**Task objective:**
Reproduce the listing that follows in full. Omit its images.

Recorded information section start

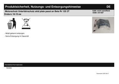 Titel: | Motorschutz Unterfahrschutz skid plate passt an Beta Rr 125 2T Enduro 18-19 sw |
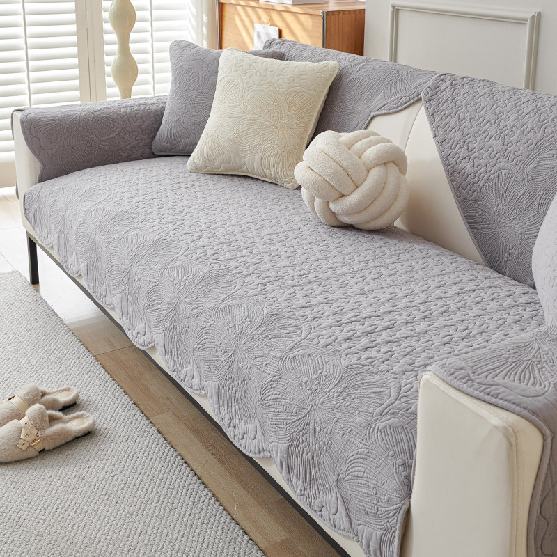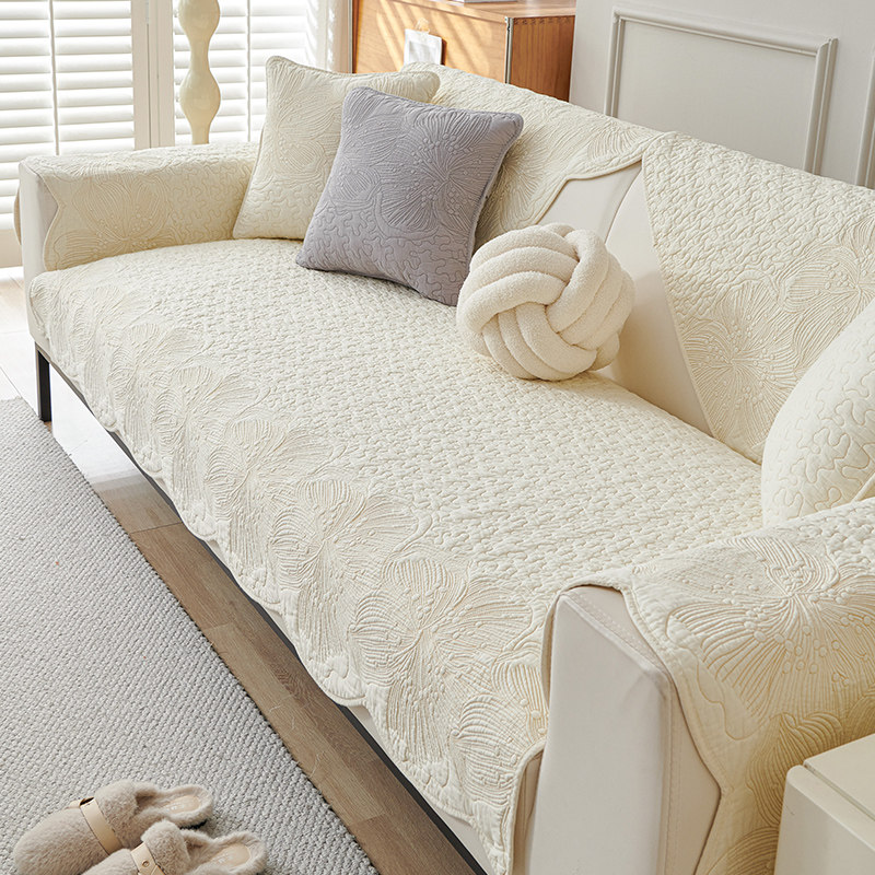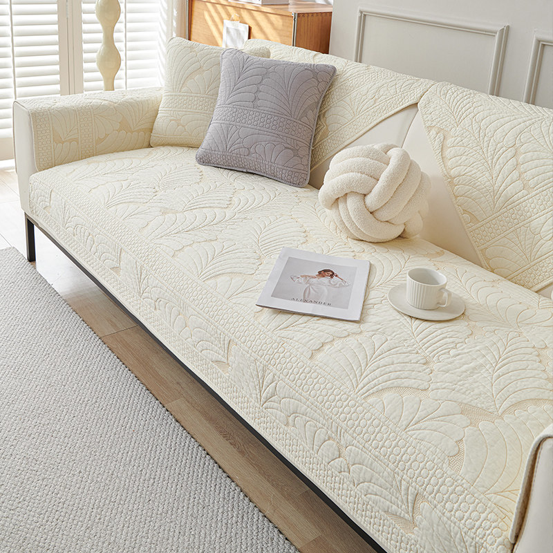 北欧绣花纯色沙发垫四季斜纹纯棉布艺防滑全棉坐垫通用现代沙发巾
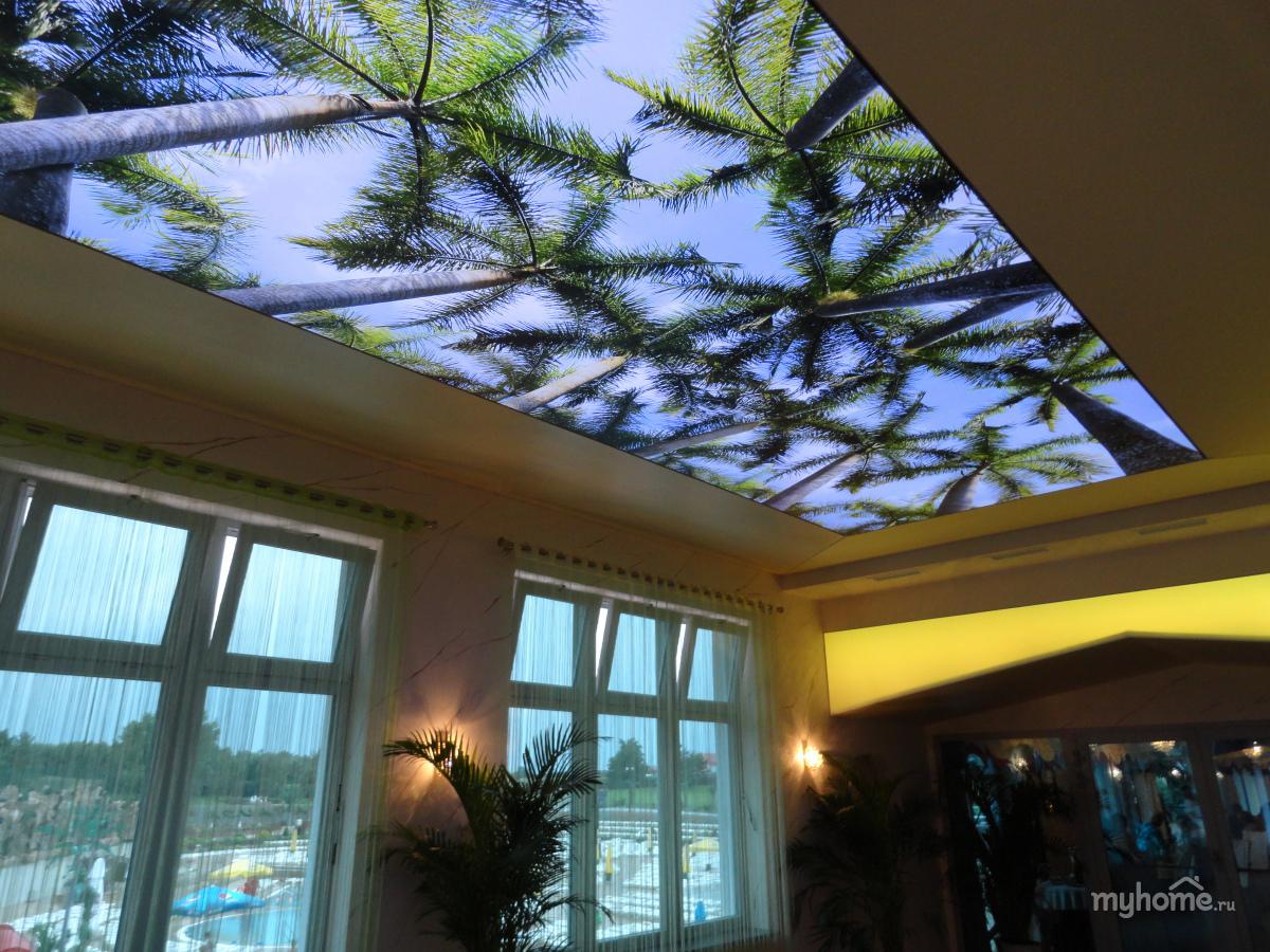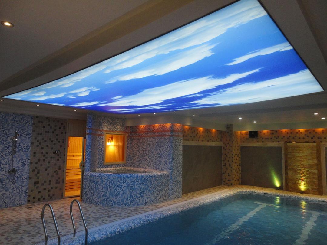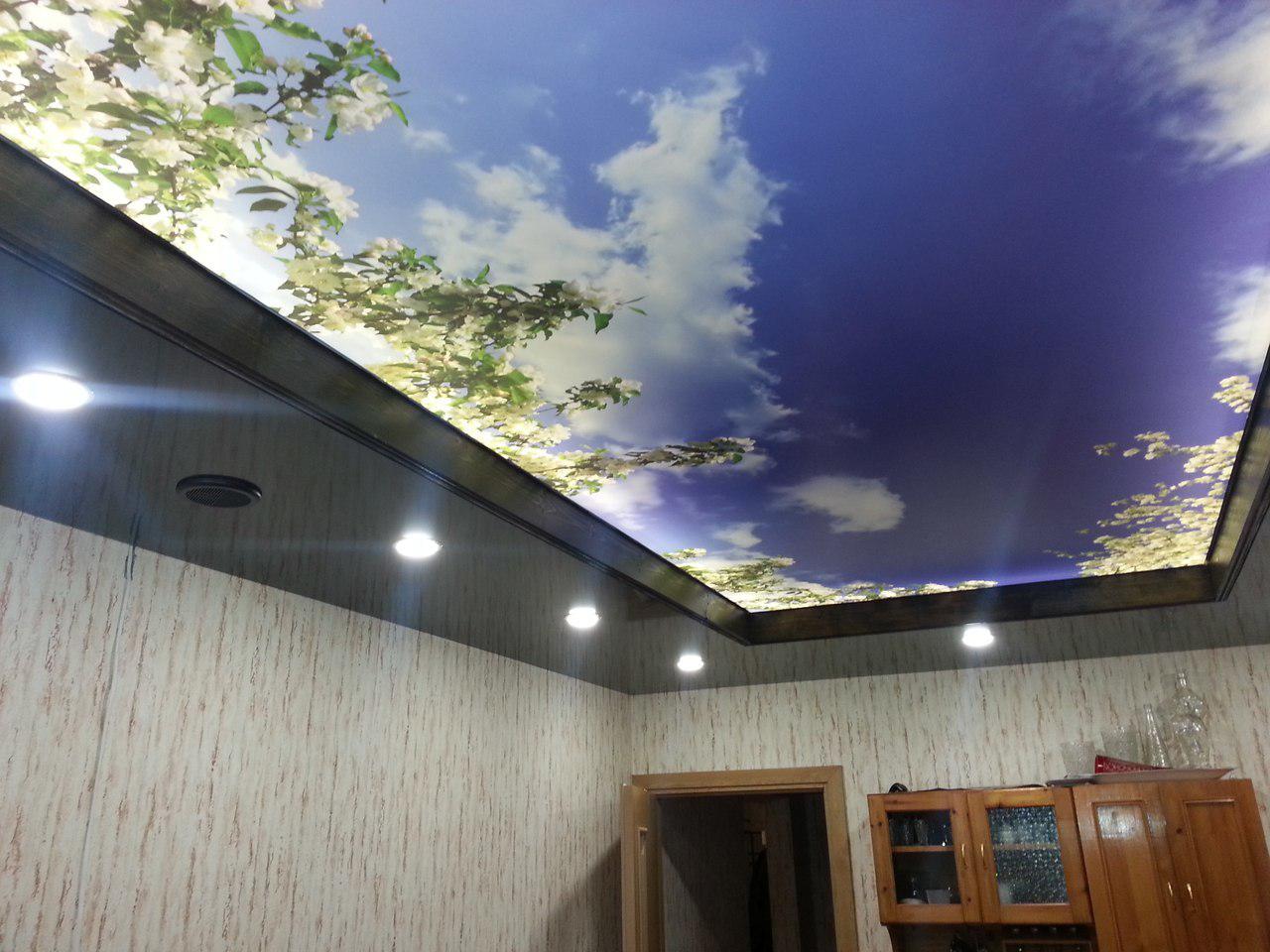 Эффект трехмерного изображения, создаваемый натяжным потолком будет особенно заметен при правильном освещении. Оправданной популярностью пользуется контурная диодная подсветка и точечные светильники средней мощности.

Recorded information section end

**Task solution:**
 Titel: | Motorschutz Unterfahrschutz skid plate passt an Beta Rr 125 2T Enduro 18-19 sw |
 北欧绣花纯色沙发垫四季斜纹纯棉布艺防滑全棉坐垫通用现代沙发巾
 Эффект трехмерного изображения, создаваемый натяжным потолком будет особенно заметен при правильном освещении. Оправданной популярностью пользуется контурная диодная подсветка и точечные светильники средней мощности.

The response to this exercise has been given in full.